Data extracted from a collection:
[Start of Attachment]

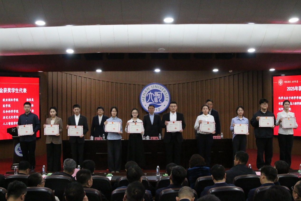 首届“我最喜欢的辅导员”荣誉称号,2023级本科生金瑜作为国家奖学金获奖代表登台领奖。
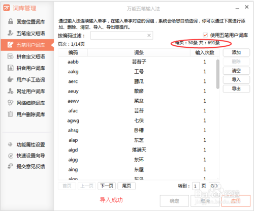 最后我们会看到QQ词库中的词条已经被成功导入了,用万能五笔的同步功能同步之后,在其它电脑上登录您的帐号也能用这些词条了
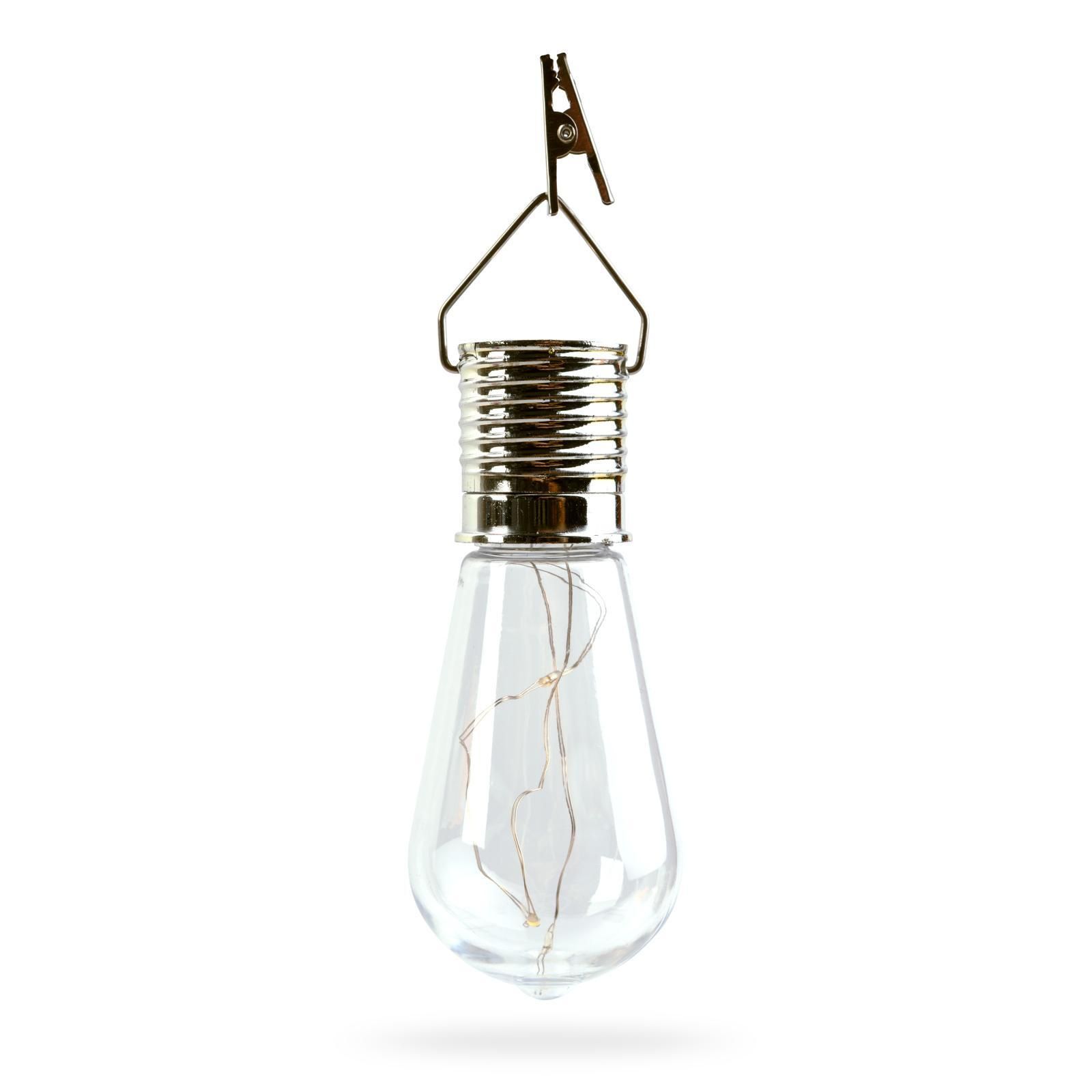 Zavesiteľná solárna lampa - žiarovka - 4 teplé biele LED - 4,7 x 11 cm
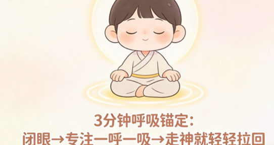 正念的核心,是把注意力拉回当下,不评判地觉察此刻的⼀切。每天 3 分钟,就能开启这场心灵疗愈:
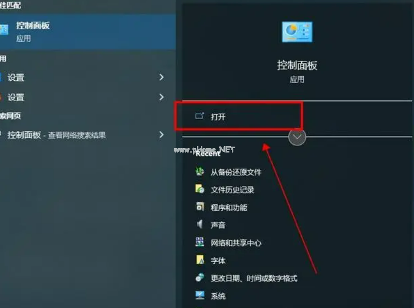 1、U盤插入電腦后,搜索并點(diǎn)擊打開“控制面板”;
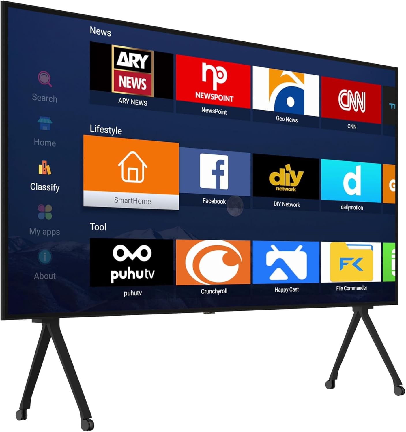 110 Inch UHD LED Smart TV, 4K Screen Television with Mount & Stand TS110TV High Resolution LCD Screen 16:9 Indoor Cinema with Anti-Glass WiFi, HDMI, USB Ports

[End of Attachment]

- **YOUR INSTRUCTIONS**: A faithful copy is needed of the lines from the one containing "最后我们会看到QQ词库中的词" through the last line of the data above, with pictures left out.

- **OUTPUT FOR THIS EXERCISE**:
 最后我们会看到QQ词库中的词条已经被成功导入了,用万能五笔的同步功能同步之后,在其它电脑上登录您的帐号也能用这些词条了
 Zavesiteľná solárna lampa - žiarovka - 4 teplé biele LED - 4,7 x 11 cm
 正念的核心,是把注意力拉回当下,不评判地觉察此刻的⼀切。每天 3 分钟,就能开启这场心灵疗愈:
 1、U盤插入電腦后,搜索并點(diǎn)擊打開“控制面板”;
 110 Inch UHD LED Smart TV, 4K Screen Television with Mount & Stand TS110TV High Resolution LCD Screen 16:9 Indoor Cinema with Anti-Glass WiFi, HDMI, USB Ports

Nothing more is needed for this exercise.